Vectorstore created with 413 documents


In [9]:
# Let's investigate the vectors

collection = vectorstore._collection
count = collection.count()

sample_embedding = collection.get(limit=1, include=["embeddings"])["embeddings"][0]
dimensions = len(sample_embedding)
print(f"There are {count:,} vectors with {dimensions:,} dimensions in the vector store")
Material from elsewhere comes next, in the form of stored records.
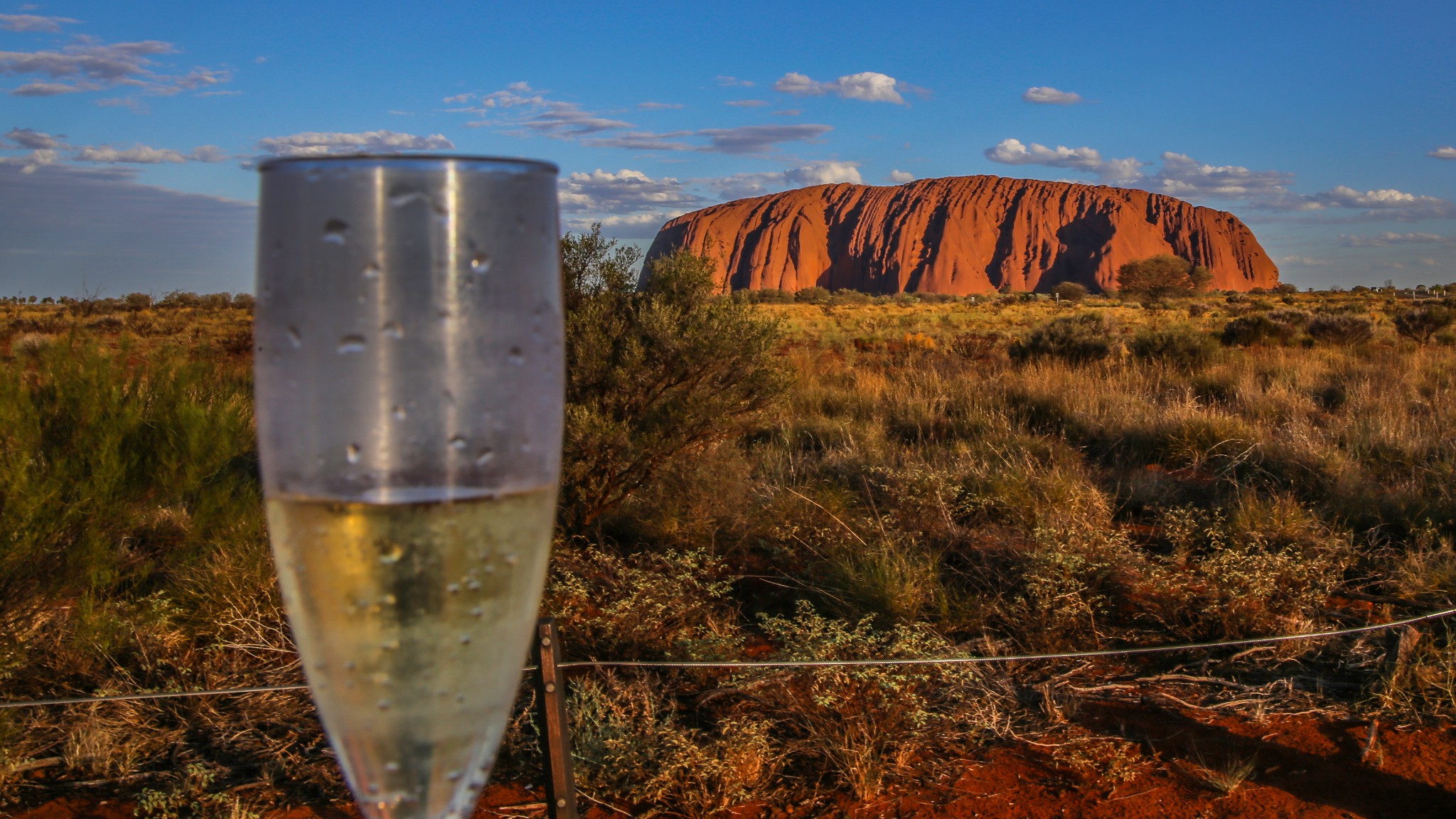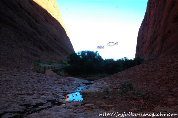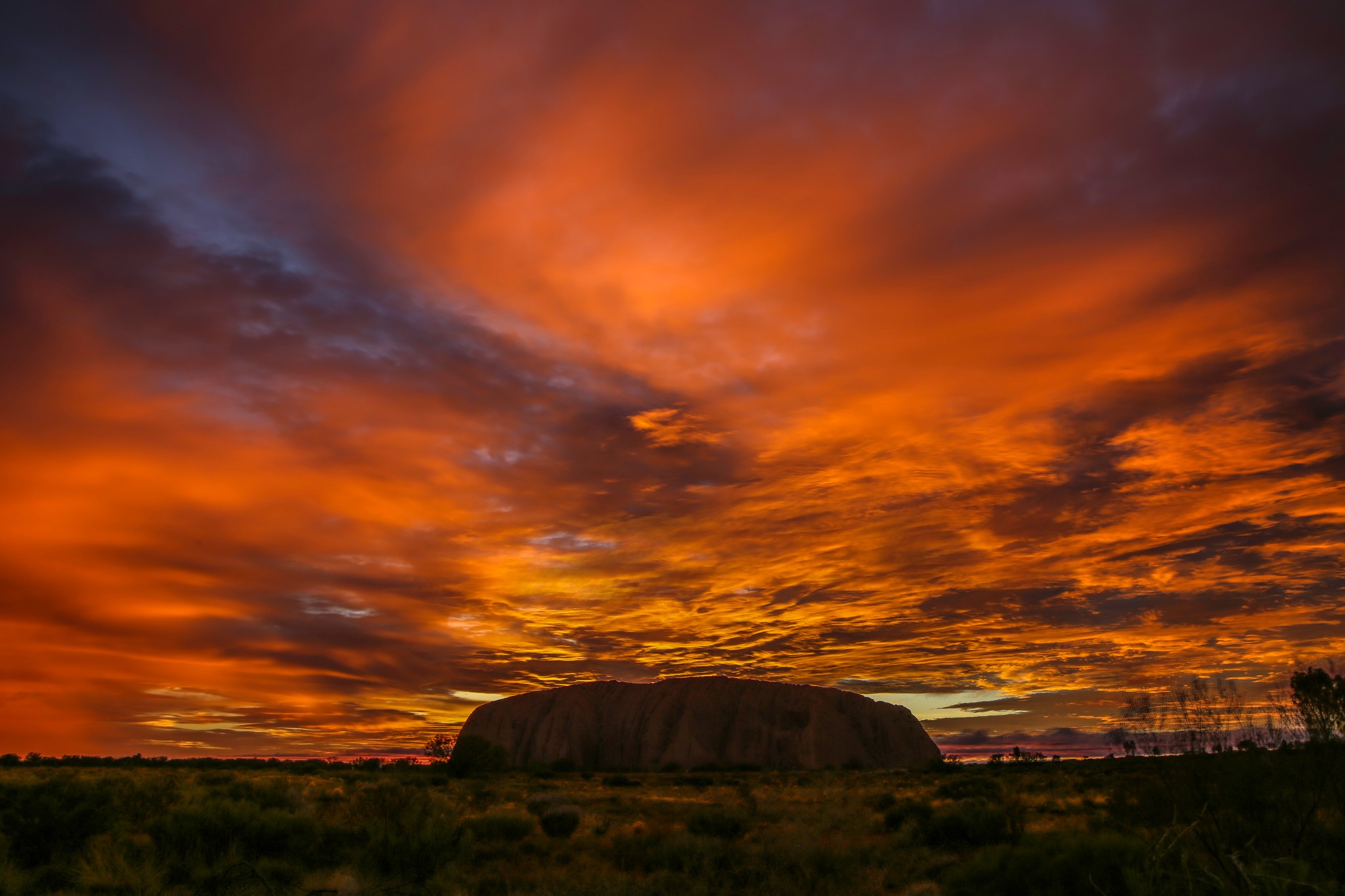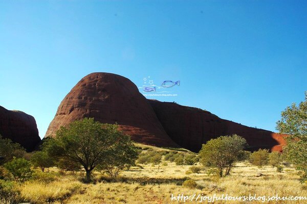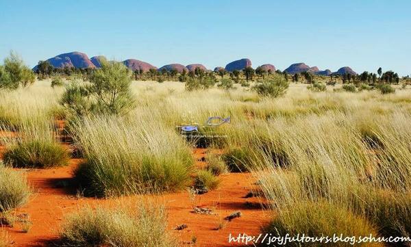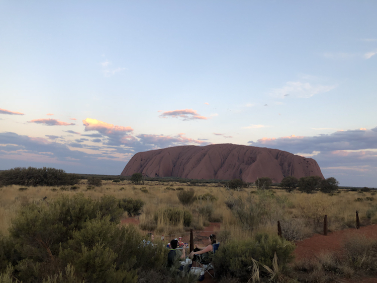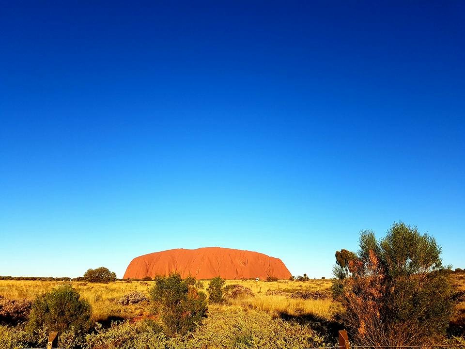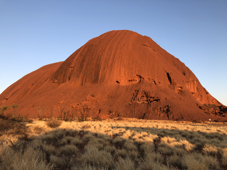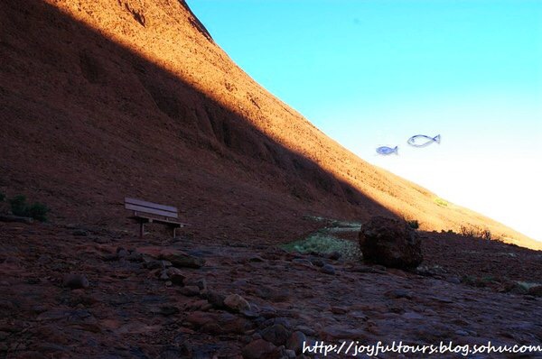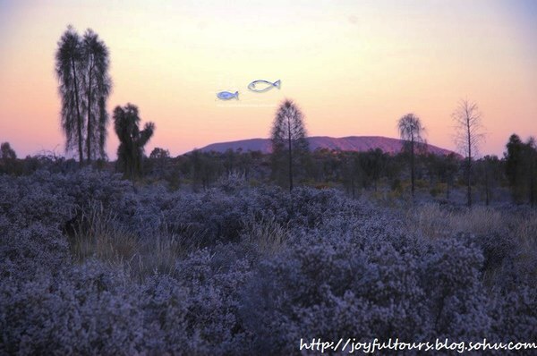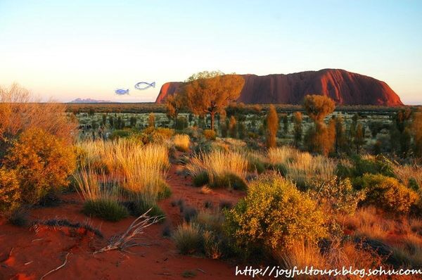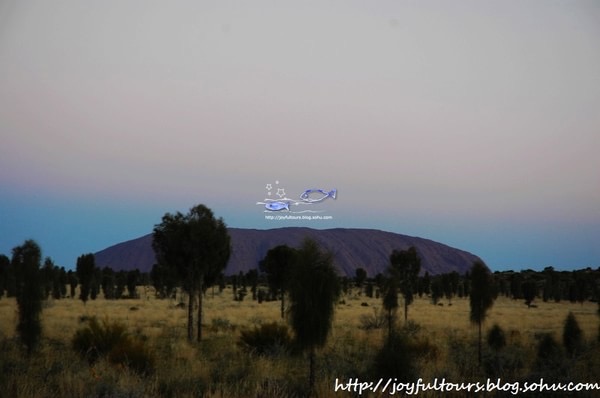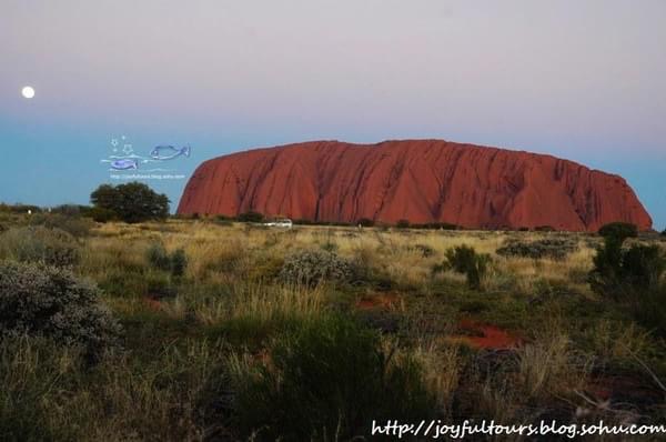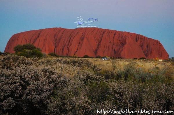 乌鲁鲁在日落时分最惊艳,夕照的照射使它呈现出火焰般的橙红,在周边荒芜的红土地衬托下,显得原始粗犷而又神圣。
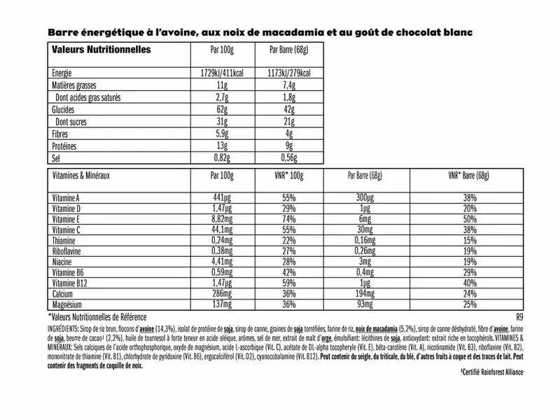 Information complémentaire sur les allergies : Contient de l’avoine, de l’orge, du soja et de la noix de macadamia et peut contenir des traces de blé , noix, lait et cacahuète
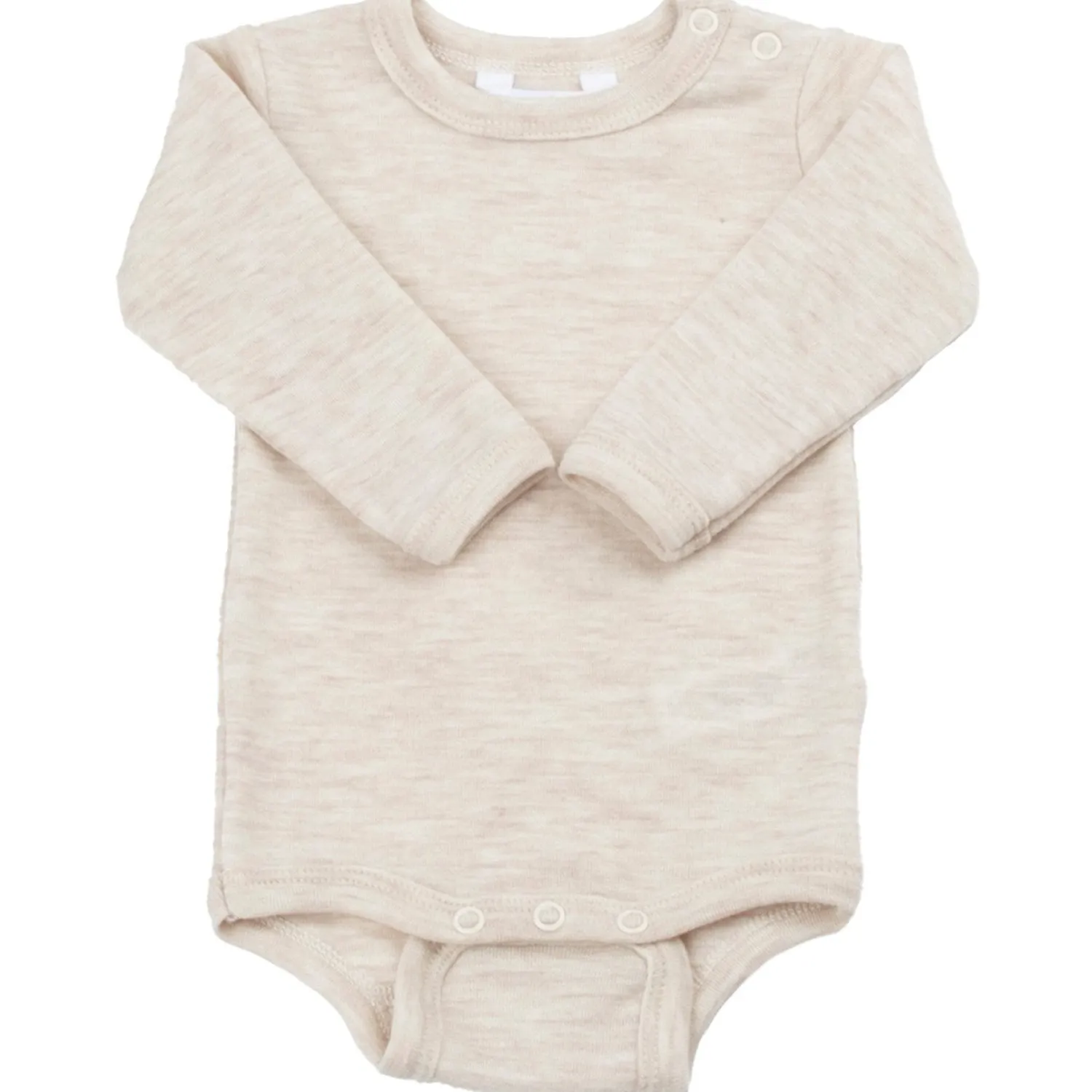 - Design: Lange ærmer, trykknapper på skulder og mellem benene

There are 413 vectors with 384 dimensions in the vector store


### Part C: Visualize!

In [11]:
# Prework

result = collection.get(include=['embeddings', 'documents', 'metadatas'])
vectors = np.array(result['embeddings'])
documents = result['documents']
metadatas = result['metadatas']
doc_types = [metadata['doc_type'] for metadata in metadatas]
colors = [['blue', 'green', 'red', 'orange'][['products', 'employees', 'contracts', 'company'].index(t)] for t in doc_types]

In [12]:
# We humans find it easier to visalize things in 2D!
# Reduce the dimensionality of the vectors to 2D using t-SNE
# (t-distributed stochastic neighbor embedding)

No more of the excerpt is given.